Au cours de ce cursus, ses connaissances en architecture se sont avérées utiles. «Toutes les choses que j’ai apprises et toutes les compétences que j’avais acquises en architecture m’ont aidé. C’était agréable de pouvoir tout employer pour suivre ce cheminement de carrière», nous a-t-il déclaré.

La conception des décors à Hollywood

En 2022, Mehdi obtient son diplôme et commence à travailler sur différents projets en tant que décorateur et directeur artistique.

«Le chef décorateur est le chef du département artistique, qui est en charge de tout ce que l’on voit autour des acteurs, de tout ce qu’ils touchent. Par exemple, si vous filmez dans une maison, tout ce que vous voyez à l’intérieur est conçu par le département artistique», explique-t-il avec enthousiasme.
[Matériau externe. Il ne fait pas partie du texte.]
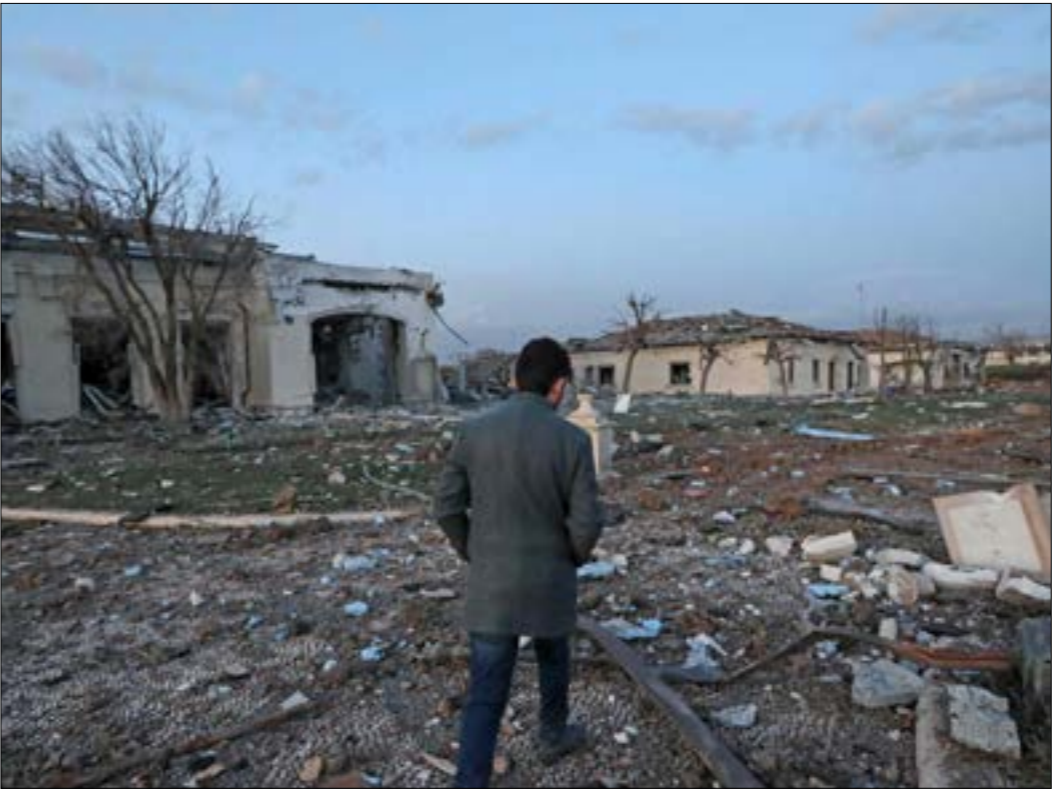
الهجوم الصاروخي على أربيل ليس إلا محطة في مسار

على أيّ حال، فإنّ ما ستُحضر على طاولة التخطيط والرّقار في تل أبيب، هو أنّ ثمة ارتقاءً إيرانيّاً في الرّد على الهجمات الإسرائيلية المتدرّجة في إطار استراتيجية «الموت بالف ضربة»، والتي كان العدو وضعها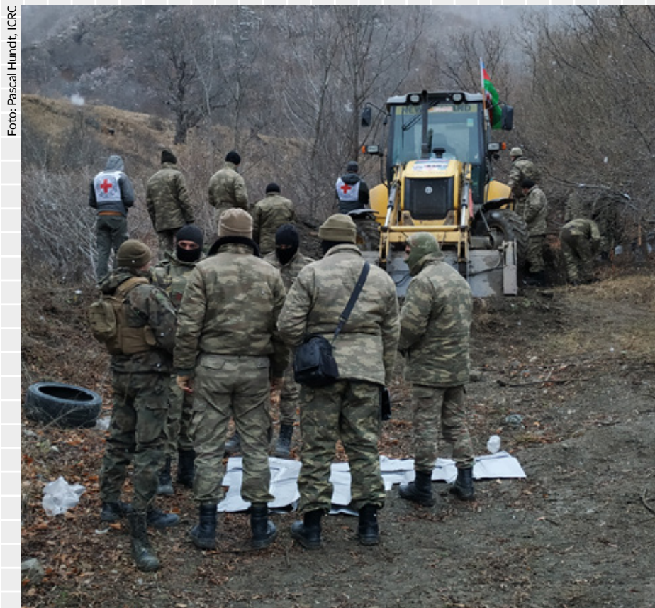
I over ett år har mannskaper fra ICRC lettet etter mer enn 2.000 savnede etter konflikten i Nagorno-Karabakh.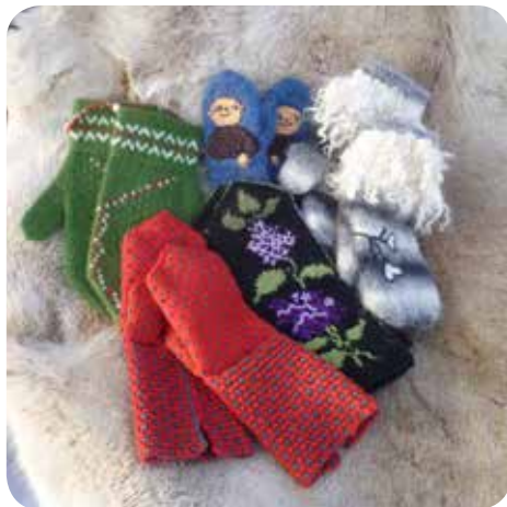
Text & bild: Maud Ån Bilder sid 11: Eva Öhrling

Det var 36 par vackra och välgjorda vantar från hela länet, med många olika mönster och tekniker i yllegran som lämnades in till 2014 års vanttävling.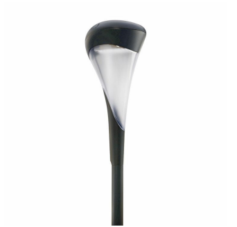
OPPr BDS100i 0003

«Gladiateur», le film préféré de Mehdi, est un excellent exemple de ce qu’un département artistique, sous la direction d’un chef décorateur, peut faire. «Ils ont dû créer tout le décor à partir de zéro pour montrer que nous sommes à Rome, à l’époque de l’Empire romain, dans un Colisée. Le Colisée est très ancien et n’est pas entièrement restauré, il faut donc demander au département artistique de recréer et de construire un décor qui lui ressemble», a-t-il ajouté.

Quant au directeur artistique, il supervise en second lieu le département artistique. «Le chef décorateur donne des références et des images ou des croquis, que le département artistique peut faire recréer», le directeur artistique se charge ensuite de le communiquer la suite du procédé au reste de l’équipe du département.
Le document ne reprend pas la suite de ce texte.